Thursday, June 2nd, 2011

The last few days have seen some big swings either way in Equity markets.

“Where next?” I hear you ask! Our chief market analyst Clive Lambert was on CNBC last night trying to pick the bones out of this price action, looking at the S&P 500 Futures, FTSE Futures, and suggesting Fresnillo as a Stock to buy.

See it on our media page by clicking here.

Silver and FTSE Technical Analysis

Wednesday, May 25th, 2011

This morning’s reports on Silver and the FTSE would have reaped dividends for our clients, for different reasons.

Here’s the text of the FTSE Futures report:

We have posted the “all sessions” chart today because it’s actually a bit cleaner, and also shows what we’ve seen overnight; selling.

Selling to the 200 day MA as well, this well watched proxy sitting at 5771.5 today.

Yesterday’s low was 5827 in day session trade so this is a bold resistance above, and if the bulls don’t quickly retake this mark we will likely break through 5771.5 and head to 5615.5 then 5584.

If the bulls can dust themselves down from this weak open and get us back through 5816 and 5827 we then need to retake 5869.5 then fill the gap to 5912.

My gut tells me this weak open is a buying opportunity.
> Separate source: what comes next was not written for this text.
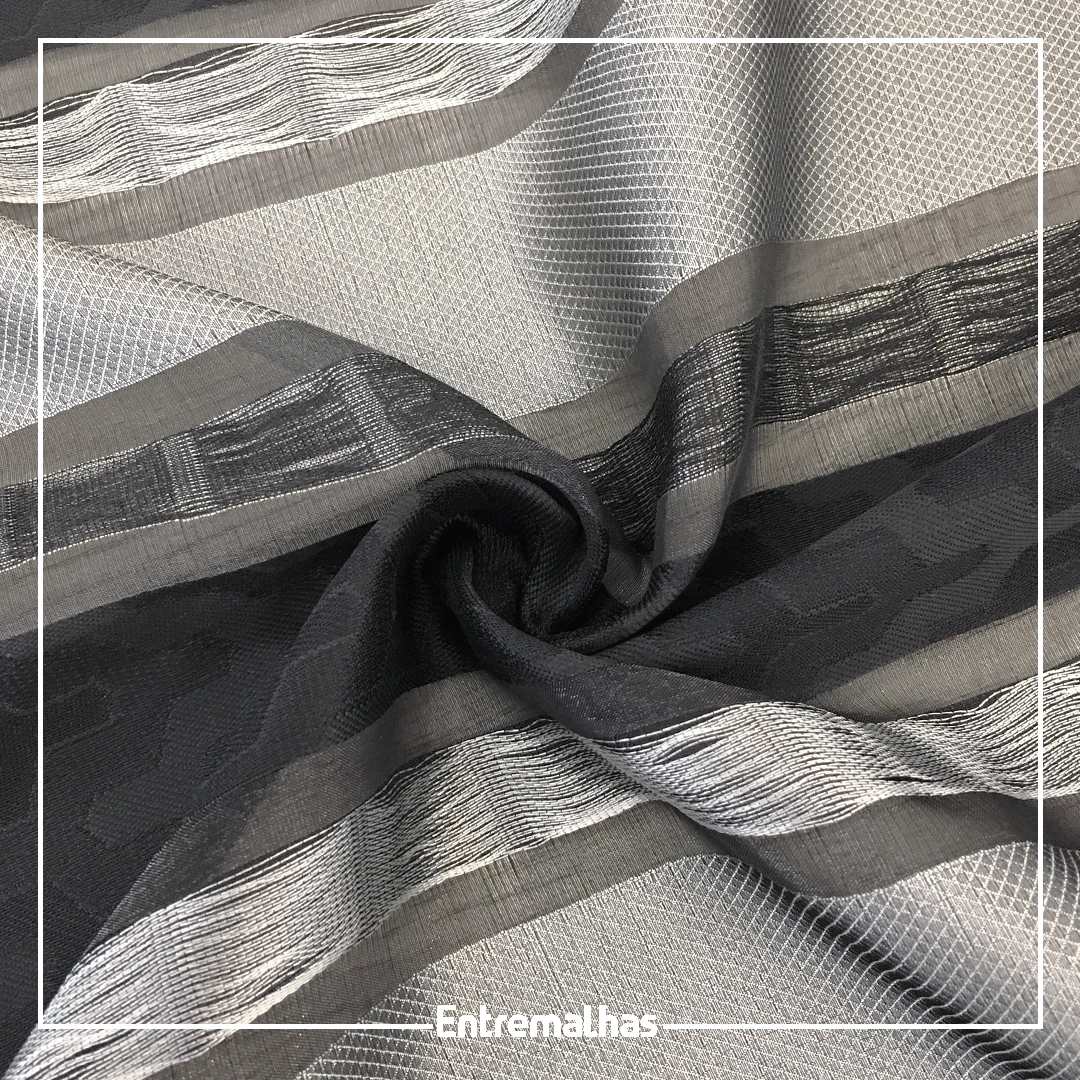 O tecido Voal Listrado é leve e translúcido, com listras que conferem sofisticação e charme. Sua mistura de fibras garante um caimento delicado, ideal para valorizar ambientes com leveza.

The chart tells me otherwise…

Nice “gut feeling”!

Our Silver commentary was a bit more “nailed on”, and since we sent it out first thing this morning in the UK it traded up to 37.330 (as we tuck into our lunch in the UK, awaiting the open in the US):

After 3 Doji candles the market finally got going to the upside yesterday, thanks in part to Goldman, who appear to be bullish of Commodities again, and seem to have the ear of the market!
We got through resistance at 35.750 and almost got up to our first bold resistance at 37.020 (the high was 36.765).
Once through 37.020 we can look for 38.990 next, and the bulls look good to give us this move, with yesterday’s gains being sustained in overnight trade while other “risk assets” are having a hard time.

Lunchtime (in the UK!) Update: We now have day session gap support at 36.400, protected by the broken resistance at 37.020, the latter having done a job in the last hour or so “on the retest”.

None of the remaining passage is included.